Return only the lines of the listing below that run from the line with "Транспорт остановился сегодня" through the line with "看看比亚迪上半年的收入,136。 个亿,同比增长 24.44%,这是什么意思?", both ends included, exactly as written.

Task inputs:
:::::

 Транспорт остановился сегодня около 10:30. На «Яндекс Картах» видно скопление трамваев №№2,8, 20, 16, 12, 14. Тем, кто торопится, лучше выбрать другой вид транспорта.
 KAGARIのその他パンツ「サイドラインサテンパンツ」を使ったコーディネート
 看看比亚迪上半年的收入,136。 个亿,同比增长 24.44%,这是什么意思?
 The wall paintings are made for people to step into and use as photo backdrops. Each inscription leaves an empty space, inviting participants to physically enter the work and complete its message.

:::::

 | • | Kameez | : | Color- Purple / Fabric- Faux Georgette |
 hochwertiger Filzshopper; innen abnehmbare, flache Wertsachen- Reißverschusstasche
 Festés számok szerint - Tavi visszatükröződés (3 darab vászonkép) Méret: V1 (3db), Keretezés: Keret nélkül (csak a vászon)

:::::

Written response:
 Транспорт остановился сегодня около 10:30. На «Яндекс Картах» видно скопление трамваев №№2,8, 20, 16, 12, 14. Тем, кто торопится, лучше выбрать другой вид транспорта.
 KAGARIのその他パンツ「サイドラインサテンパンツ」を使ったコーディネート
 看看比亚迪上半年的收入,136。 个亿,同比增长 24.44%,这是什么意思?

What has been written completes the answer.